Через полчаса белый автомобиль стремительно вылетел со смотровой площадки по направлению к федеральной дороге. Сандра держала максимальную скорость, но ни Лайза, ни Ирвин не реагировали на опасную гонку.
Лайза по-прежнему молчала, вжавшись в уголок заднего сиденья. А Ирвин не просто уработался — он вымотался, отупел, устал до изнеможения. Устал до того, что не мог ни похвалить Сандру за водительское мастерство, ни вообще высказывать какие-либо соображения. Устал до того, что даже не оглянулся посмотреть, преследует их голубой «субару» или нет…
Всю ночь Ирвин спускался в деревянной бочке по Ниагарскому водопаду.

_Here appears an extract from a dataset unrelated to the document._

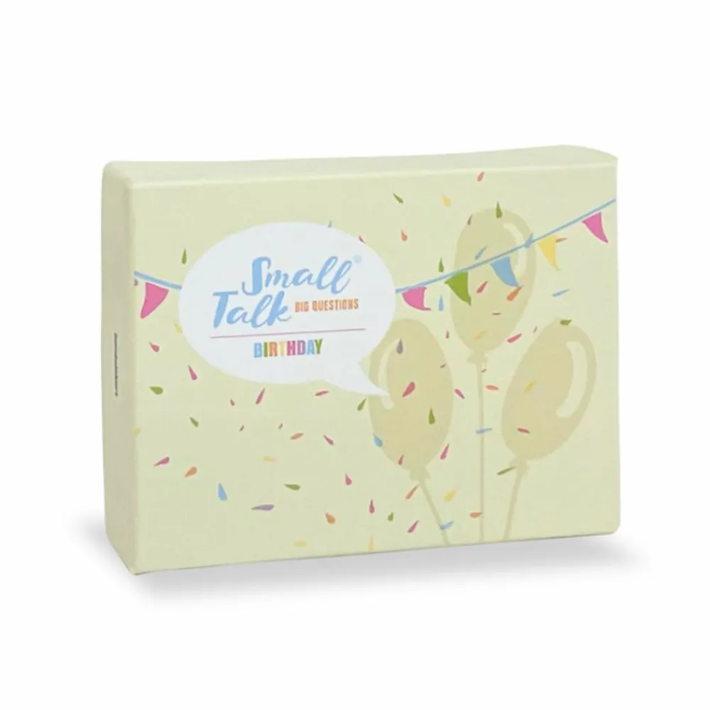 På denne udgave af Small Talk- Big Questions er der på den ene side af kortene et spørgsmål, der handler om fødselsdage og andre festligheder, og så starter man en samtale eller dialog med det spørgsmål.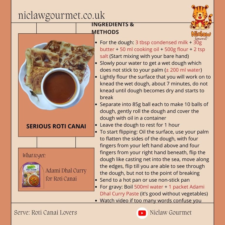 Add soft boiled vegetables for extra flavour and salt to taste. Adami Curry Dhall paste is best served with roti canai (paratha), roti jala, roti pita, roti naan, nasi minyak and nasi briani.

Бочку нещадно трясло. Тугие железные обручи вибрировали от напряжения. Уши закладывало от непрерывного, все больше и больше нарастающего грохота. Сквозь стенки бочки, сквозь миллионы водяных тонн он отчетливо различал на верху водопада, на смотровой площадке, одинокую фигуру Сандры и периодические вспышки фотокамеры в ее руках: модель хладнокровно щелкала кадр за кадром, запечатлевая подвиг влюбленного идиота. Бочка, кувыркаясь и переворачиваясь, бесконечно летела в потоке бурлящей, пенящейся ледяной воды, а Сандра звонко смеялась, легко перекрикивала грохот потопа: «Ну как тебе такой душ, Ирвин Стоктон?». И вот, наконец, сквозь днище бочки Ирвин увидел нацелившиеся на него острые вершины подводных камней, радостно поджидавшие добычу. Приближалась неизбежная финальная фаза падения. Ирвин, не выдержав муки, закричал… И очнулся от сильных, настойчивых толчков.
Рядом с диваном стояла ассистентка.
— Я прибежала сразу, как услышала твой крик, — испуганно проговорила Лайза. — Подумала, что у тебя тут начался пожар.
— Скорей наводнение, — ответил Ирвин, проверяя целость рук и ног. — Спасибо, Лайза. Ты только что спасла великого мастера от нелепой гибели во время нелепого подвига. Приснится же такая дрянь…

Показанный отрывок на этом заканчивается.